Key-value database FAQ
Key-value database definition
A key-value store or key-value database is a database that maps keys to values which can be any type of data. Key value databases can be used for storing collections of data which would not fit well together in a standard relational database.
When to use a key-value database?
Key-value databases can be used in many different situations. They can be used for inventory and product tracking, customer relationship management, and more. Developers can use them to scale and to implement different types of analysis applications. In short, key-value stores are good for any situation that requires flexible data models and scalable storage.
What’s the difference between key value and document databases?

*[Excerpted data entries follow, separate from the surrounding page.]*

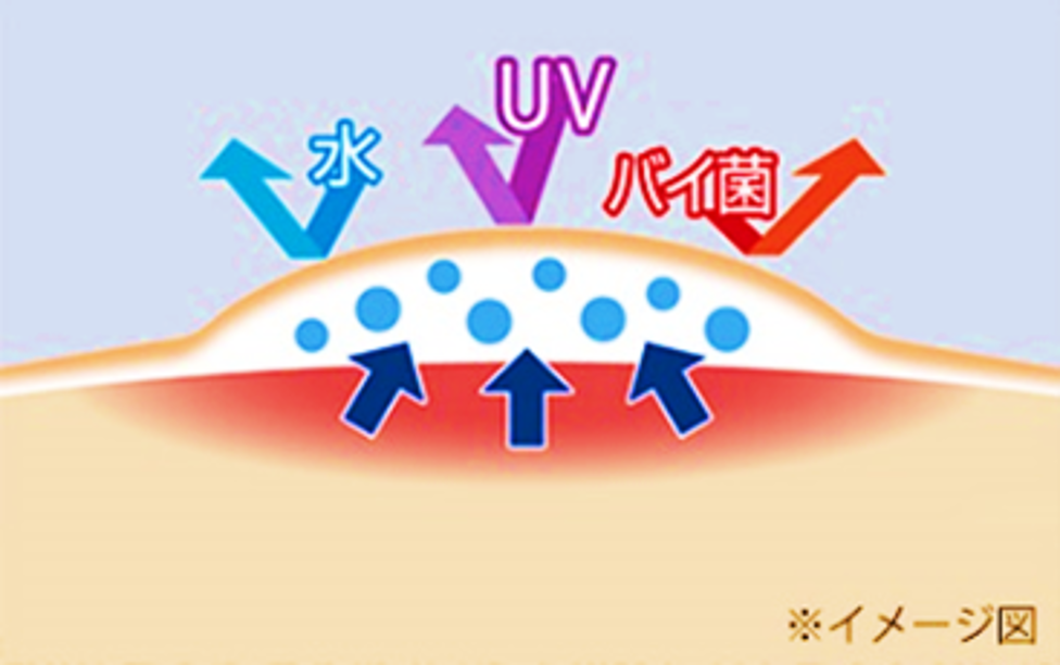 ハイドロ製品として業界初のUVカット機能付きです。UV(特にUVB)からキズを守ることで、色素沈着を抑え、キズ跡を残りにくくします。
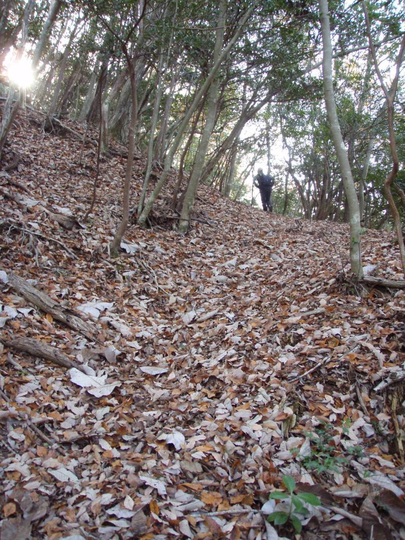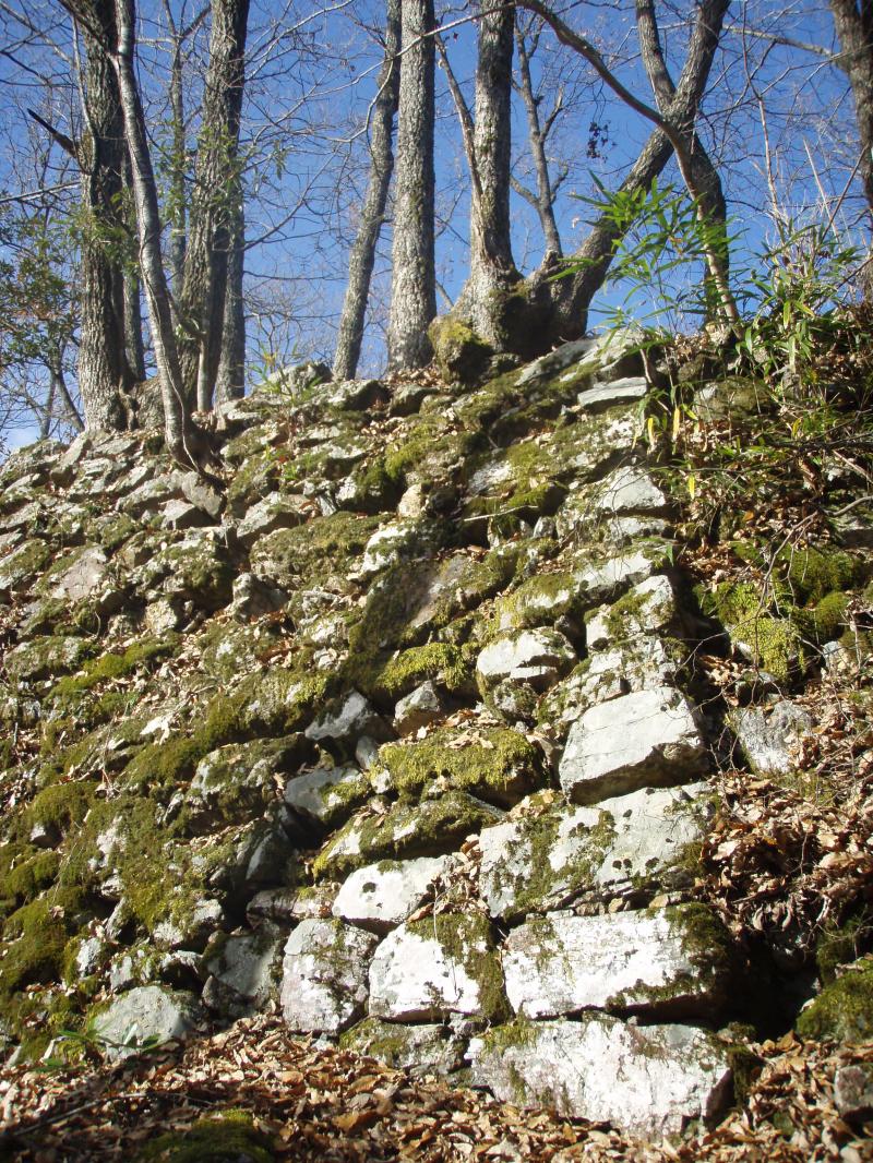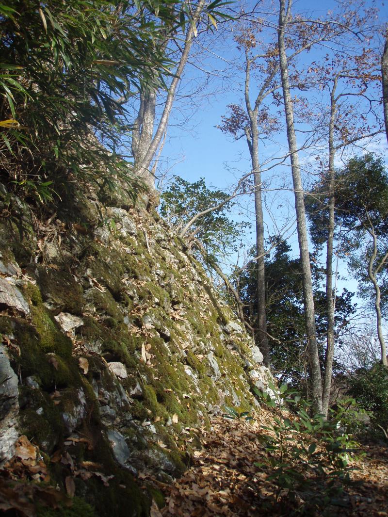 須知城本丸への道は、城に近付くにつれ急勾配になり、最後は地面に触れながら登る感じになります。落ち葉で滑りやすいこの季節は、ストックを持参する方が良いでしょう。城の見所は本丸の裏手の石垣。400年前の石垣がそのまま残されています。
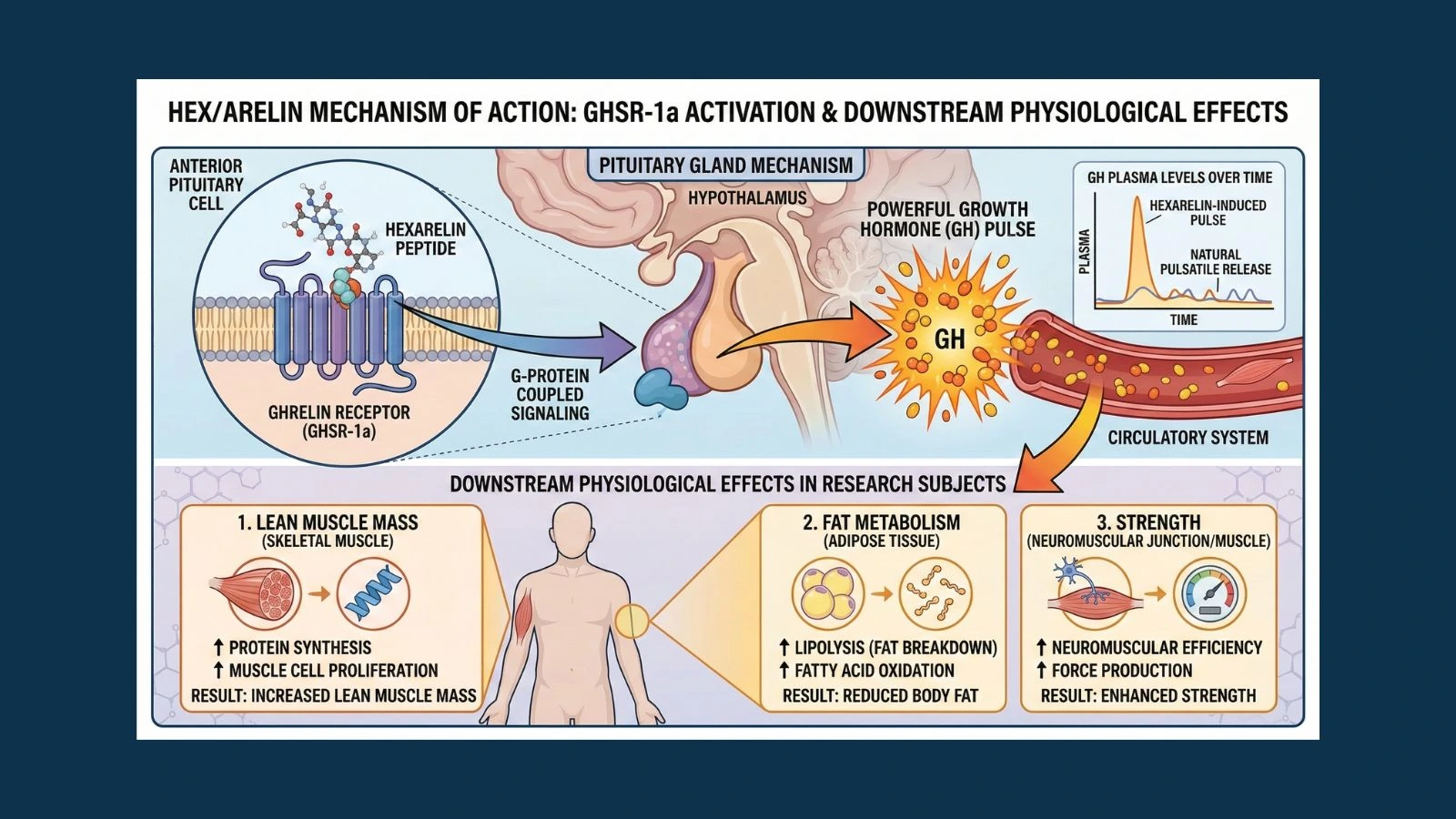 After administration, hexarelin enters circulation and crosses into the brain. It binds with high affinity to GHSR-1a receptors in two key areas: the arcuate nucleus of the hypothalamus and the somatotroph cells of the anterior pituitary.
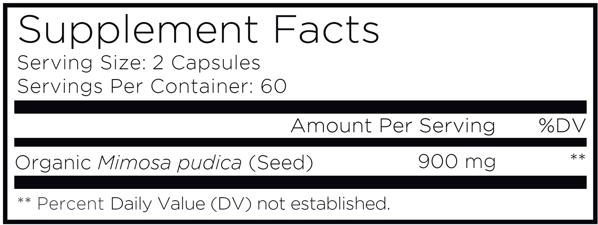 This fat-soluble dietary supplement is made with organic mimosa pudica seeds with no fillers, additives, or excipients. This formula is non-GMO, gluten, and soy-free. Each bottle contains 120 capsules for a 2 month's supply.

Document databases are another type of noSQL design. Technically speaking, a document database is an extension of the key-value database model. Rather than just storing data based on a key that maps to a value, document databases store structured data. These documents can contain multiple defined values that can be indexed to speed up queries and grab related data. Document databases can be seen as somewhat of a middle ground between key-value databases and relational databases, where you have the option of creating a semi-structured schema if you choose.
How should companies view key-value database implementation?

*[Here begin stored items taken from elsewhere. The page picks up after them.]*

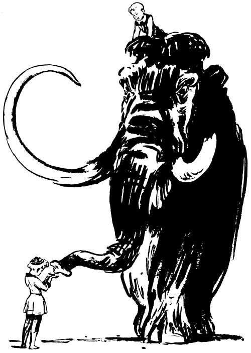 Этого ещё недоставало! Да и как ему скажешь? Ведь Вася ещё не окончательно разработал технику обращения с мамонтом. Но девочка, не дожидаясь его согласия, сразу же стала цепляться за мамонтову шерсть. И Тузик вдруг склонился на одно колено и осторожно, заботливо подсадил Лену хоботом. Вот что значит сахар.
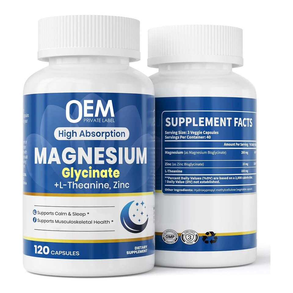 Cápsulas de Glicinato de Magnesio OEM, Suplemento Complejo de Magnesio con L-Teanina y Zinc para la Relajación, el Sueño y la Recuperación Muscular
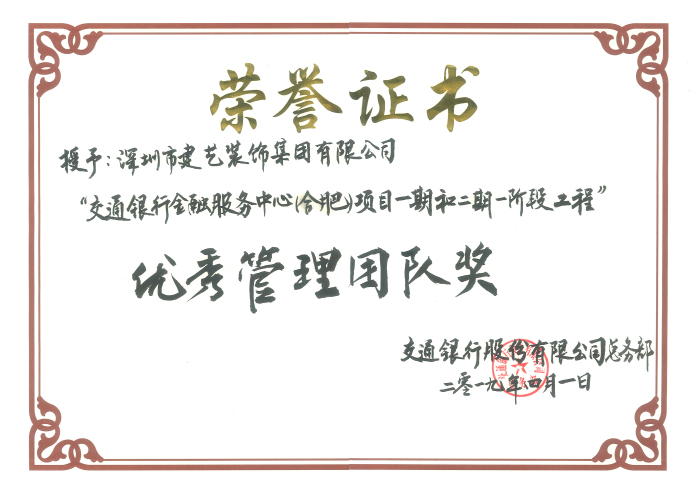 作為交通銀行輻射安徽合肥業務區域的重點金融中心項目,由建藝集團(安徽公司)參與打造的交通銀行金融服務中心(合肥)項目日前圓滿竣工。在隆重的項目竣工表彰大會上,建藝集團(安徽公司)憑借卓越的項目管理及一流的施工水平,出色地完成了該項目一期、二期一階段的裝飾施工任務,其精湛的施工技藝與高度負責的工作作風也獲得了交通銀行方面的充分肯定,一舉摘得“優秀項目團隊獎”殊榮。同時,安徽公司負責人高蔚也憑借高效的項目管理與專業的施工調度,榮獲“優秀項目經理/負責人”獎。
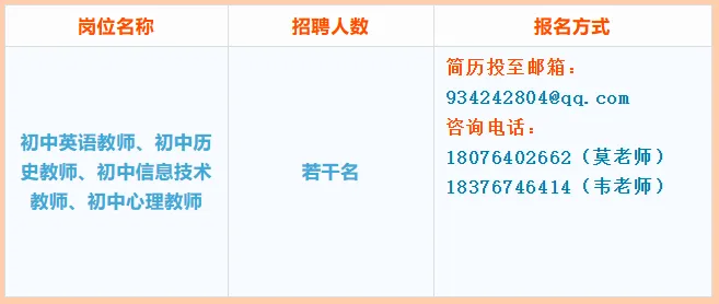 初中英语、历史、信息、心理顶岗教师若干名
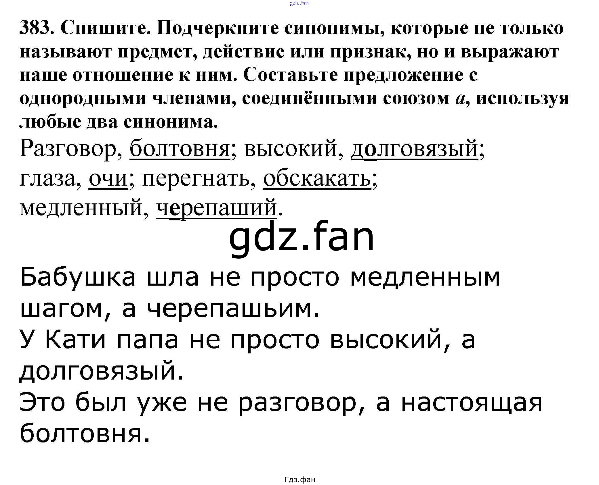 Проверка домашнего задания всегда занимает большое количество времени. На помощь приходит ГДЗ фан по Русскому языку пятого класса. Здесь собраны популярные ответы на 383 (стр. 182) Русский язык 5 класс Ладыженская Т.А.
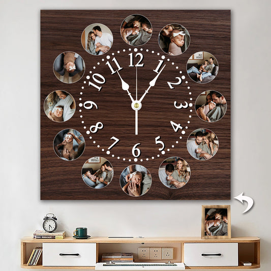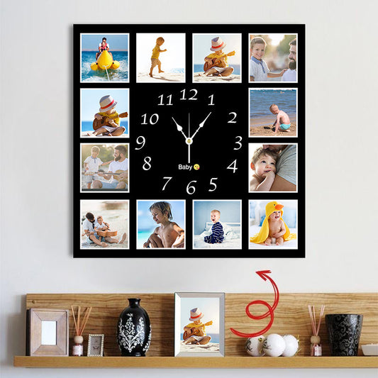 12pcs Photo and Text Square Wall Clock Personalized Clock
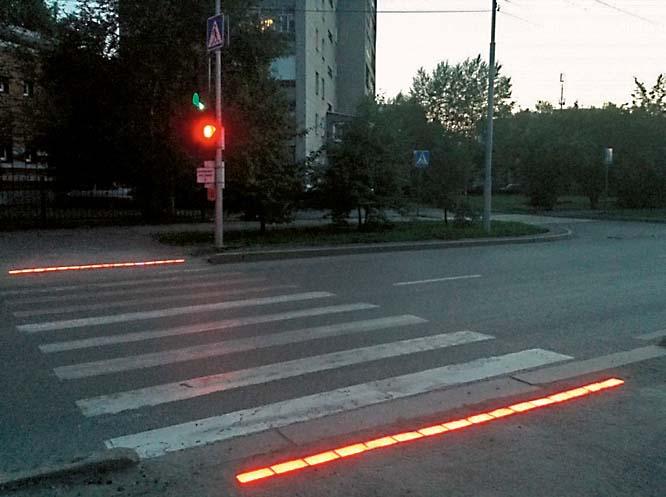 Инновационный светофор появился возле одной из школ в Тюмени. Светодиодная подсветка встроена в асфальт и работает синхронно со светофором для того, чтобы дети лучше видели, можно переходить дорогу или нет.
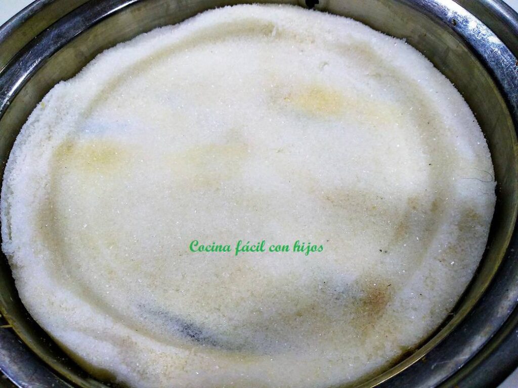 • A continuación, ponemos una primera capa de sal. Esta primera capa conseguirá dotar a la pieza de sal desde la parte inferior.

Using key-value stores and other noSQL methods can help a company migrate a legacy system into something new that will better serve the needs of the business in the years to come. Legacy migration is often done to move data into cloud native systems that are more capable, less costly and easier to maintain. In the specific case of a key-value database, a company might move a subset of their data from a relational database to a key-value store or use a key-value store like Redis as a cache to serve data directly and only query the database for data not already in the cache.
Why did companies originally use relational database design?
The relational database design was originally created to solve the problem of data redundancy. It is a system that stores data in tables, where each table contains rows and columns. The rows represent records or instances of a particular type of information, and the columns represent attributes or fields.
In the early days of the database, cloud and big data services had not yet developed. Early databases were relatively simple and straightforward and did not account for the dynamic use patterns that businesses can adopt today.
Key-value database vs cache
Most key-value databases will have their own cache by default and will automatically keep frequently requested data in RAM, but an additional caching layer is always an option as well.
What is a distributed key-value database?
A distributed key-value database is a type of database that stores data in the form of key-value pairs with the data stored on multiple nodes, which are connected to each other via a network. The nodes are not required to be in the same location and can be spread across different geographical locations. This makes it possible for the database to be highly available and scalable.
The distributed database is accessed through a client application. The client application sends commands to the database server which then executes the commands in parallel with other nodes in the network. The distributed database is viewed as a single entity to the end user and they do not notice any performance degradation because of redundancy, and instead only see latency benefits.